Report back every line of the entries that contains "This", exactly as written.

(Beginning of DATA SHOWN)

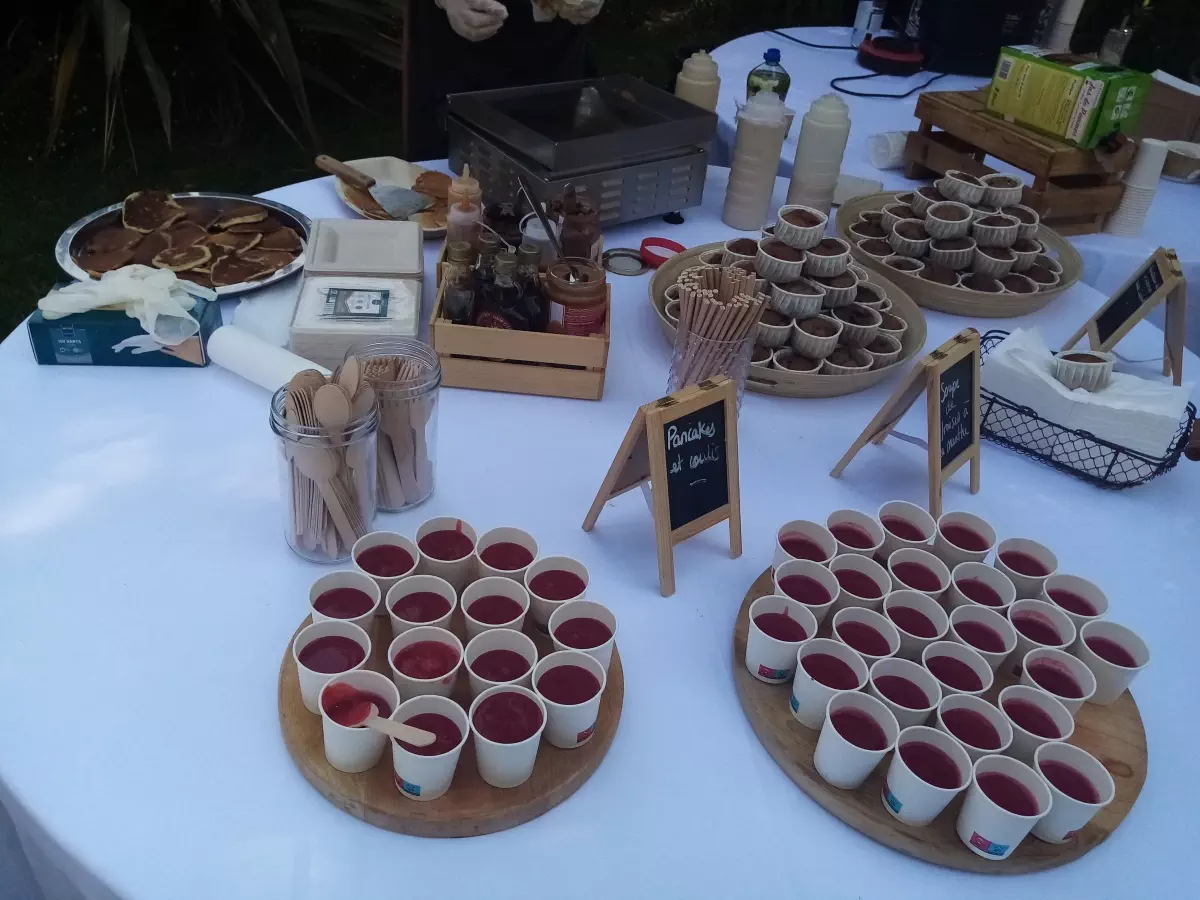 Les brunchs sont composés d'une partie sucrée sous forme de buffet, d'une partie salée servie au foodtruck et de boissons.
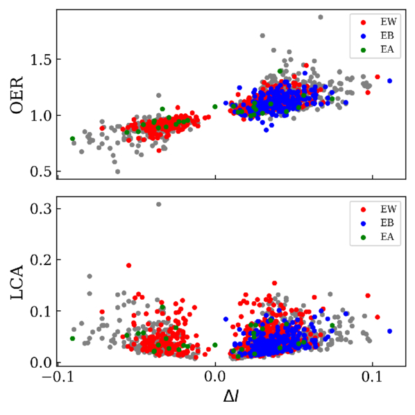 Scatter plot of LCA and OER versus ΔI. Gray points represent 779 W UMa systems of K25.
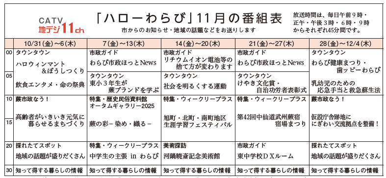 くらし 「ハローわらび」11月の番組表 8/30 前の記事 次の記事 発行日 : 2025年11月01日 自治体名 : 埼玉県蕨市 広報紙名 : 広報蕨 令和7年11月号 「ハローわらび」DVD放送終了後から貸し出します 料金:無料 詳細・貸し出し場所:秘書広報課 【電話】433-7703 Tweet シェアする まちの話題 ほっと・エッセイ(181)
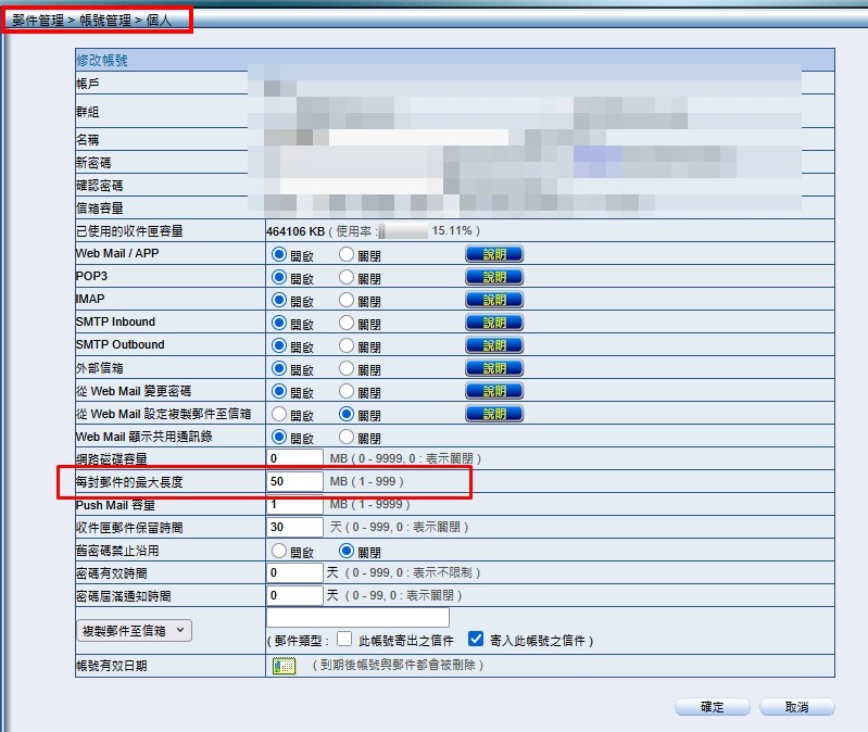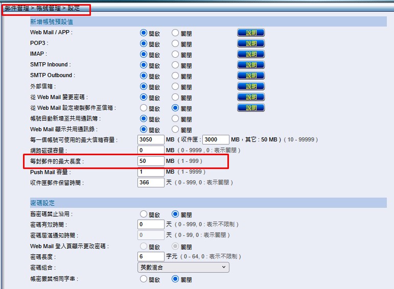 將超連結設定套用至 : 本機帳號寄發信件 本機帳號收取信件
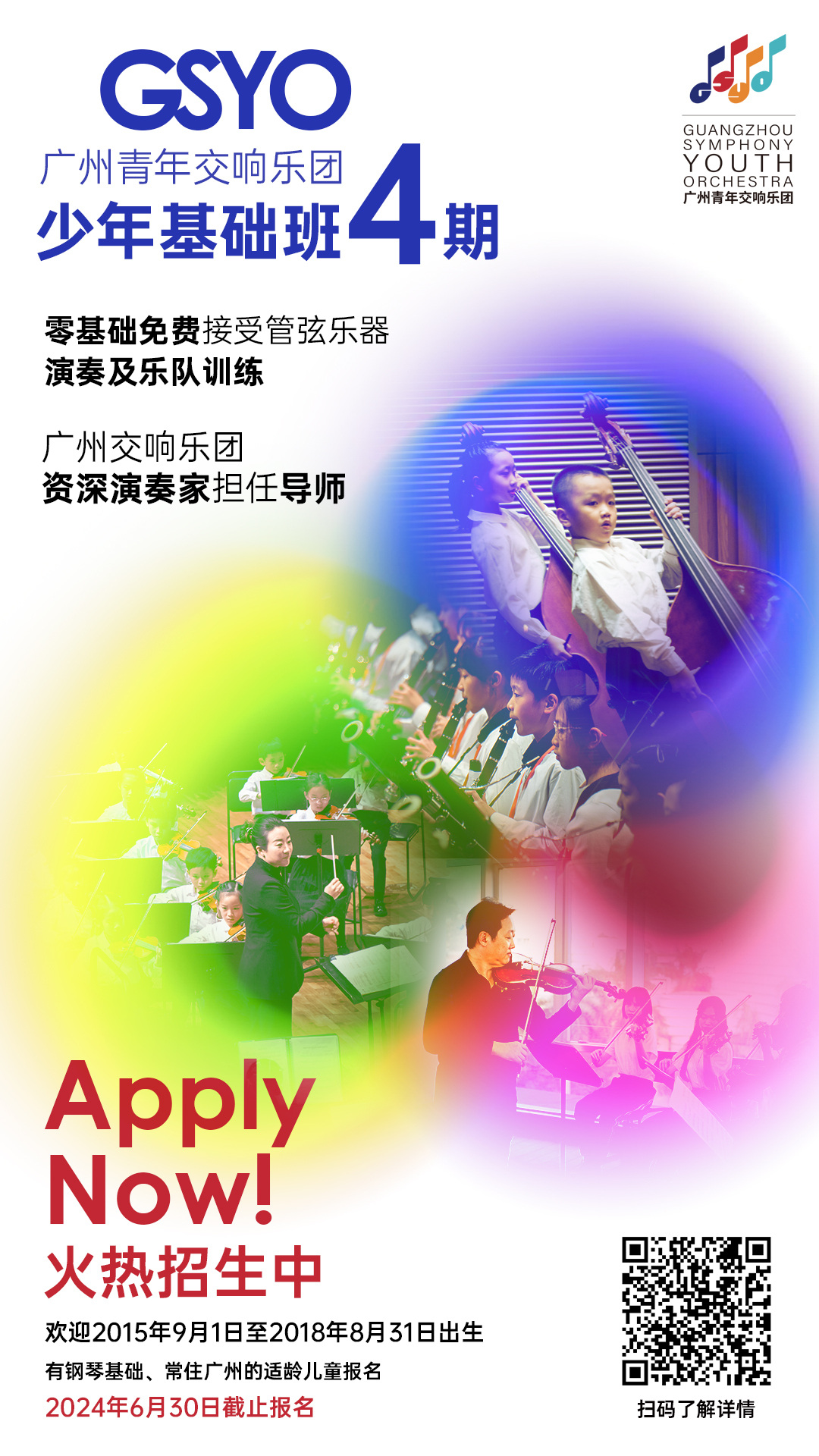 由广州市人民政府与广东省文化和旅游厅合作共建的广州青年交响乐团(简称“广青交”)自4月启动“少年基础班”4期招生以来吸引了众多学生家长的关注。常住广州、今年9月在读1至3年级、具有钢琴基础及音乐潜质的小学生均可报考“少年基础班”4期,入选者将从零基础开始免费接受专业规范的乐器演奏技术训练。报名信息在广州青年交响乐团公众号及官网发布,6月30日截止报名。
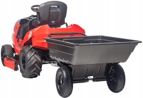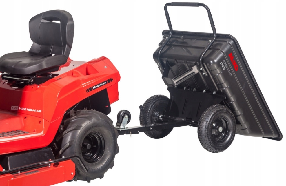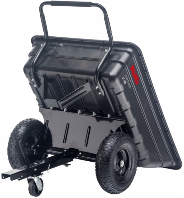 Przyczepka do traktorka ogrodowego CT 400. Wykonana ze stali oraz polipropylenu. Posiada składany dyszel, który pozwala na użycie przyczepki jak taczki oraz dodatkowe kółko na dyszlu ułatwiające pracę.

(End of DATA SHOWN)
(Beginning of DATA SHOWN)

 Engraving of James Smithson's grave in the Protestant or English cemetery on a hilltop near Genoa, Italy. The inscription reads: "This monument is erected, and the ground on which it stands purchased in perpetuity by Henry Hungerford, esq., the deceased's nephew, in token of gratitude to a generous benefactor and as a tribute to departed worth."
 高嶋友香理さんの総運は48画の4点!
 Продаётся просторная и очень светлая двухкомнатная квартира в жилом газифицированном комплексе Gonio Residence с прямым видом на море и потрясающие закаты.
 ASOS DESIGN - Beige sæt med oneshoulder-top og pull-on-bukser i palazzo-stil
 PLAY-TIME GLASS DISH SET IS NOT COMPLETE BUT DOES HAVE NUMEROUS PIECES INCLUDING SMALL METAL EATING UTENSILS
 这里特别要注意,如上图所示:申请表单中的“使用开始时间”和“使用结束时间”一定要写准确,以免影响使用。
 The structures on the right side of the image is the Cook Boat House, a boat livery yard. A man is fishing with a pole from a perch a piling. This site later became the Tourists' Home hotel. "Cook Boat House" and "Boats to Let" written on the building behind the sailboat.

(End of DATA SHOWN)

> [SOLVED EXERCISE]
 Engraving of James Smithson's grave in the Protestant or English cemetery on a hilltop near Genoa, Italy. The inscription reads: "This monument is erected, and the ground on which it stands purchased in perpetuity by Henry Hungerford, esq., the deceased's nephew, in token of gratitude to a generous benefactor and as a tribute to departed worth."
 The structures on the right side of the image is the Cook Boat House, a boat livery yard. A man is fishing with a pole from a perch a piling. This site later became the Tourists' Home hotel. "Cook Boat House" and "Boats to Let" written on the building behind the sailboat.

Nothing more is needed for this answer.